#### Problem requirements:
From the first line to the last, copy the material word for word; pictures stay out.

#### Data block:
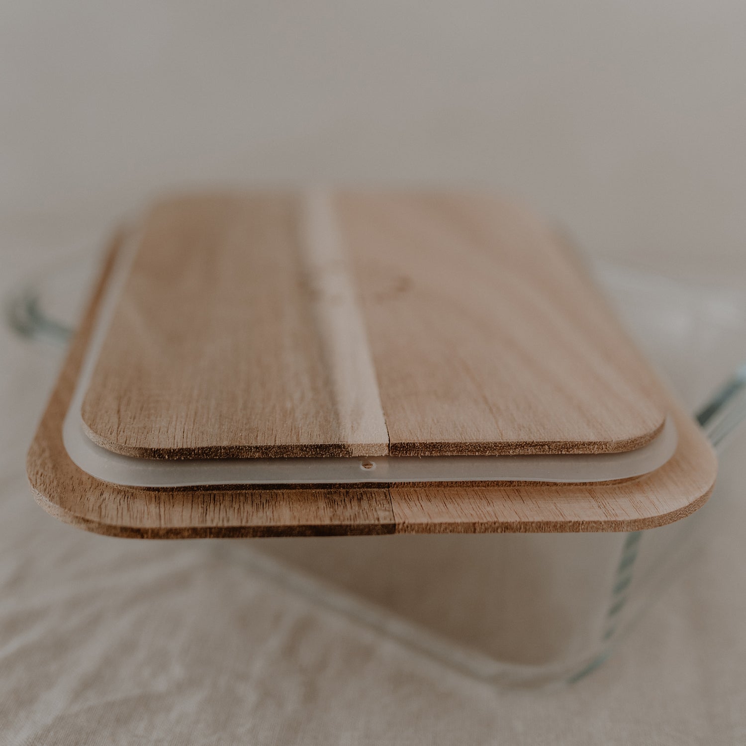 Die Akazienholzdeckel mit nur mit einem feuchten Tuch abwischen und direkt abtrocknen, damit sich das Holz nicht verzieht.
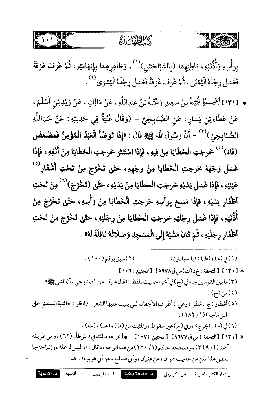 131- أَخبَرنا قُتَيبَةُ بنُ سَعِيدٍ، وَعُتْبَةُ بنُ عَبدِ اللهِ، عَن مَالِكٍ، عَن زَيْدِ بنِ أَسْلَمَ، عَن عَطَاءِ بنِ يَسَارٍ، عَنِ الصُّنَابِحِيّ، وَقَالَ عُتْبَةُ فِي حَدِيثِهِ: عَن عَبدِ اللهِ الصُّنَابِحِيِّ، أَنَّ رَسُولَ اللهِ صَلى الله عَليه وسَلم، قَالَ: إِذَا تَوَضَّأَ العَبدُ المُؤْمِنُ فَمَضْمَضَ فَاهُ خَرَجْتِ الخَطَايَا مِنْ فِيهِ، فَإِذَا اسْتَنْثَرَ خَرَجْتِ الخَطَايَا مِنْ أَنْفِهِ، فَإِذَا غَسَلَ وَجْهَهُ خَرَجْتِ الخَطَايَا مِنْ وَجْهِهِ حَتَّى تَخْرُجَ مِنْ تَحْتِ أَشْفَارِ عَيْنَيْهِ، فَإِذَا غَسَلَ يَدَيْهِ خَرَجْتِ الخَطَايَا مِنْ يَدَيْهِ حَتَّى تَخْرُجَ مِنْ تَحْتِ أَظْفَارِ يَدَيْهِ، فَإِذَا مَسَحَ بِرَأْسِهِ خَرَجْتِ الخَطَايَا مِنْ رَأْسِهِ حَتَّى تَخْرُجَ مِنْ أُذُنَيْهِ، فَإِذَا غَسَلَ رِجْلَيْهِ خَرَجْتِ الخَطَايَا مِنْ رِجْلَيْهِ حَتَّى تَخْرُجَ مِنْ تَحْتِ أَظْفَارِ رِجْلَيْهِ، ثُمَّ كَانَ مَشْيُهُ إِلَى المَسْجِدِ وَصَلاتُهُ نَافِلَةً لَهُ.
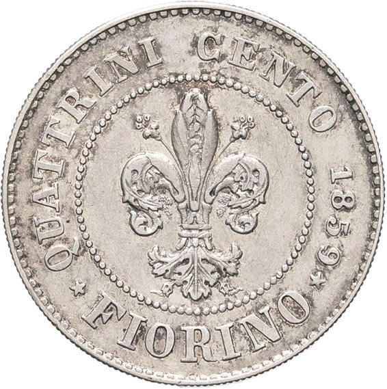 - ITALY Toscane, Gouvernement provisoire (1859-1860). Fiorino ou 100 quattrini 1859, Florence.

#### Response below:
 Die Akazienholzdeckel mit nur mit einem feuchten Tuch abwischen und direkt abtrocknen, damit sich das Holz nicht verzieht.
 131- أَخبَرنا قُتَيبَةُ بنُ سَعِيدٍ، وَعُتْبَةُ بنُ عَبدِ اللهِ، عَن مَالِكٍ، عَن زَيْدِ بنِ أَسْلَمَ، عَن عَطَاءِ بنِ يَسَارٍ، عَنِ الصُّنَابِحِيّ، وَقَالَ عُتْبَةُ فِي حَدِيثِهِ: عَن عَبدِ اللهِ الصُّنَابِحِيِّ، أَنَّ رَسُولَ اللهِ صَلى الله عَليه وسَلم، قَالَ: إِذَا تَوَضَّأَ العَبدُ المُؤْمِنُ فَمَضْمَضَ فَاهُ خَرَجْتِ الخَطَايَا مِنْ فِيهِ، فَإِذَا اسْتَنْثَرَ خَرَجْتِ الخَطَايَا مِنْ أَنْفِهِ، فَإِذَا غَسَلَ وَجْهَهُ خَرَجْتِ الخَطَايَا مِنْ وَجْهِهِ حَتَّى تَخْرُجَ مِنْ تَحْتِ أَشْفَارِ عَيْنَيْهِ، فَإِذَا غَسَلَ يَدَيْهِ خَرَجْتِ الخَطَايَا مِنْ يَدَيْهِ حَتَّى تَخْرُجَ مِنْ تَحْتِ أَظْفَارِ يَدَيْهِ، فَإِذَا مَسَحَ بِرَأْسِهِ خَرَجْتِ الخَطَايَا مِنْ رَأْسِهِ حَتَّى تَخْرُجَ مِنْ أُذُنَيْهِ، فَإِذَا غَسَلَ رِجْلَيْهِ خَرَجْتِ الخَطَايَا مِنْ رِجْلَيْهِ حَتَّى تَخْرُجَ مِنْ تَحْتِ أَظْفَارِ رِجْلَيْهِ، ثُمَّ كَانَ مَشْيُهُ إِلَى المَسْجِدِ وَصَلاتُهُ نَافِلَةً لَهُ.
 - ITALY Toscane, Gouvernement provisoire (1859-1860). Fiorino ou 100 quattrini 1859, Florence.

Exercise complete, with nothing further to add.